(Activity): Copy the records below exactly as they stand. Leave out the pictures.

(Data for review):
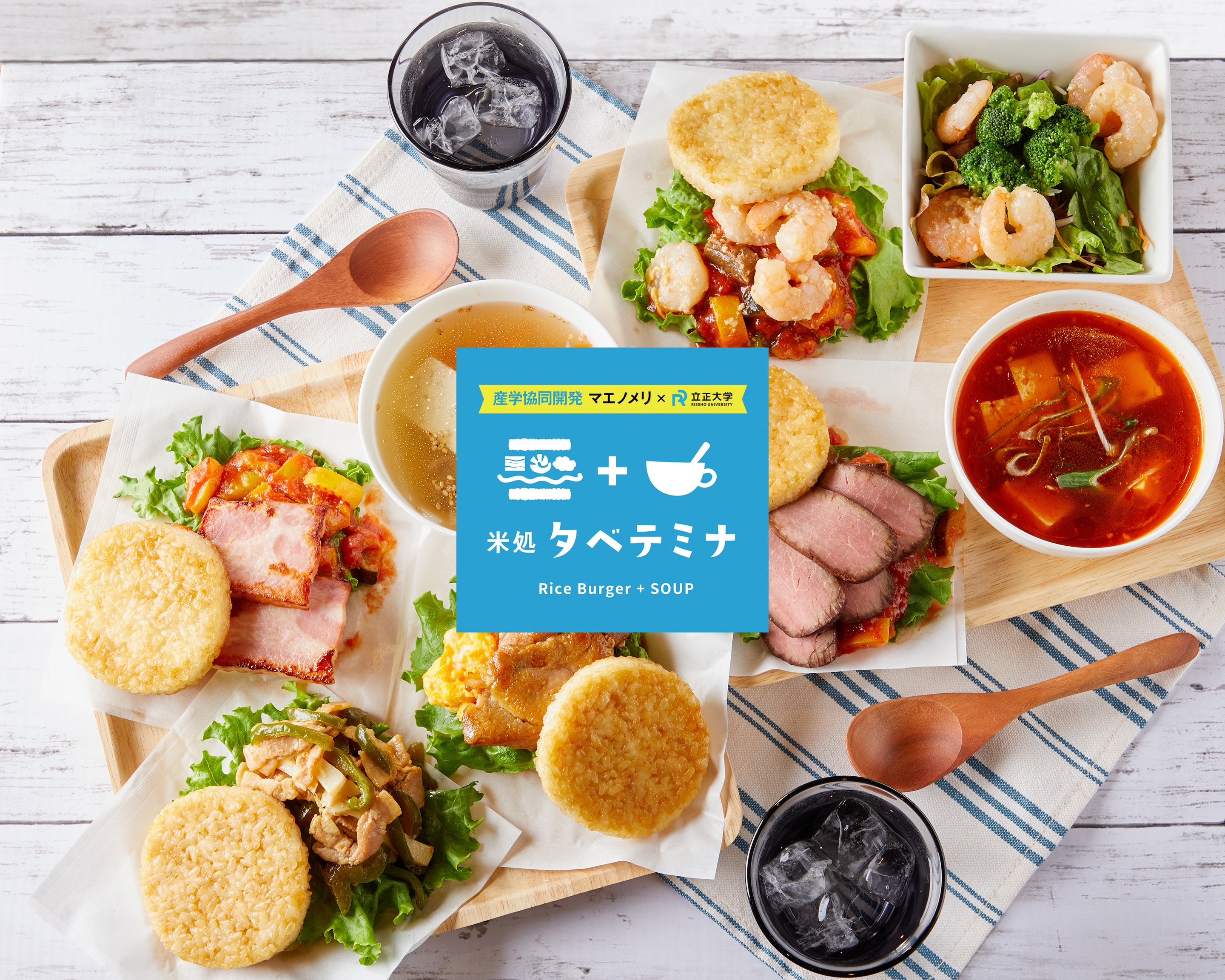 学生に夢を届けたい、コロナに負けず美味しいものを食べて沢山の交流をして欲しい。そんな想いから創られたブランドです!ライスバーガーとスープはお好みで組み合わせの注文が可能!まずはそのまま、最後はライスバーガーをスープに入れて…タベテミナ!
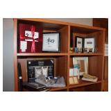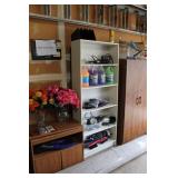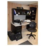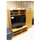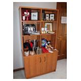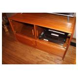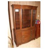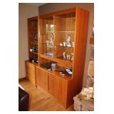 Danish modern 80s era cabinet and hutch w/ glass shelving and lights
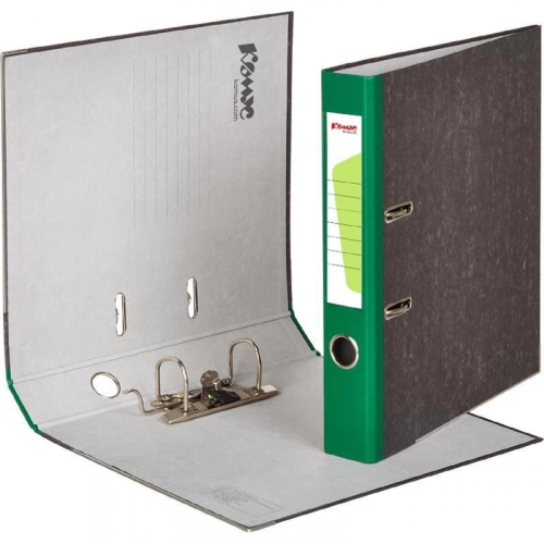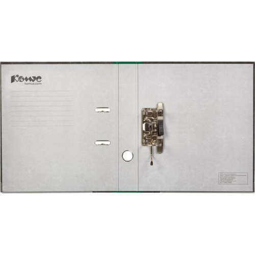 Папка-регистратор 'Комус' с арочным механизмом формата А4 изготовлена из плотного картона, покрытого фактурной бумагой под мрамор, произведенной в Великобритании. Нижние края защищены металлическим кантом. Корешок - бумвинил зеленого цвета, ширина - 50 мм. Специальные прорези на крышке не дают папке открываться при большом количестве вложенных документов. Арочный механизм произведен в Чехии. На корешке есть карман со сменной этикеткой и кольцо для удобного захвата. Папка-регистратор 'Комус' вмещает до 350 листов стандартной плотности, она станет незаменимым инструментом для систематизации и хранения большого количества документов в офисе, государственном учреждении и дома. Законодательные и технические документы
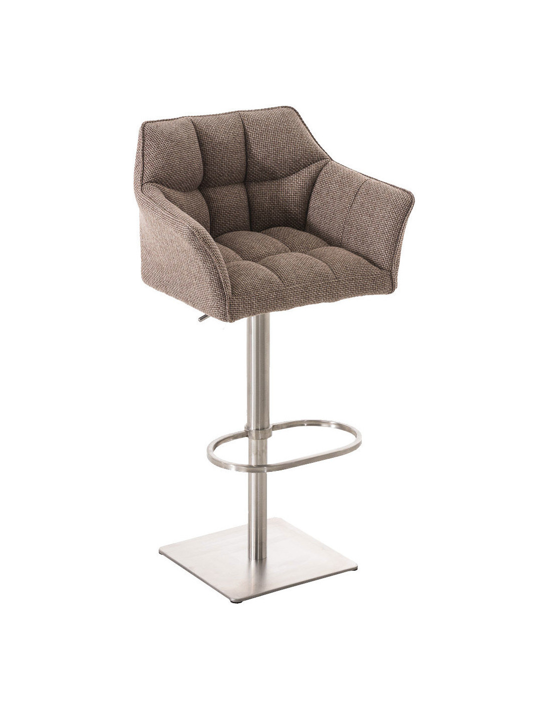 Tabouret de bar Hauteur réglable Marco en Polyester Chocolat chiné Acier inoxydable Argenté Brossé mat
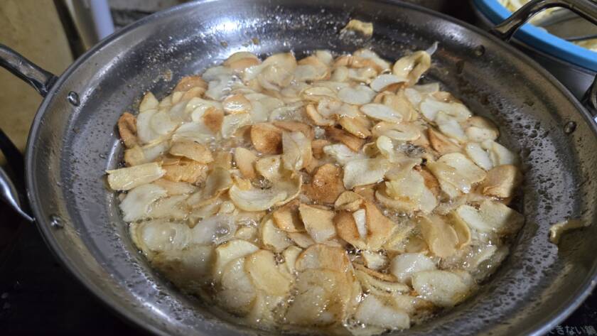 にんにくチップ作成中~🎵

(Exercise output):
 学生に夢を届けたい、コロナに負けず美味しいものを食べて沢山の交流をして欲しい。そんな想いから創られたブランドです!ライスバーガーとスープはお好みで組み合わせの注文が可能!まずはそのまま、最後はライスバーガーをスープに入れて…タベテミナ!
 Danish modern 80s era cabinet and hutch w/ glass shelving and lights
 Папка-регистратор 'Комус' с арочным механизмом формата А4 изготовлена из плотного картона, покрытого фактурной бумагой под мрамор, произведенной в Великобритании. Нижние края защищены металлическим кантом. Корешок - бумвинил зеленого цвета, ширина - 50 мм. Специальные прорези на крышке не дают папке открываться при большом количестве вложенных документов. Арочный механизм произведен в Чехии. На корешке есть карман со сменной этикеткой и кольцо для удобного захвата. Папка-регистратор 'Комус' вмещает до 350 листов стандартной плотности, она станет незаменимым инструментом для систематизации и хранения большого количества документов в офисе, государственном учреждении и дома. Законодательные и технические документы
 Tabouret de bar Hauteur réglable Marco en Polyester Chocolat chiné Acier inoxydable Argenté Brossé mat
 にんにくチップ作成中~🎵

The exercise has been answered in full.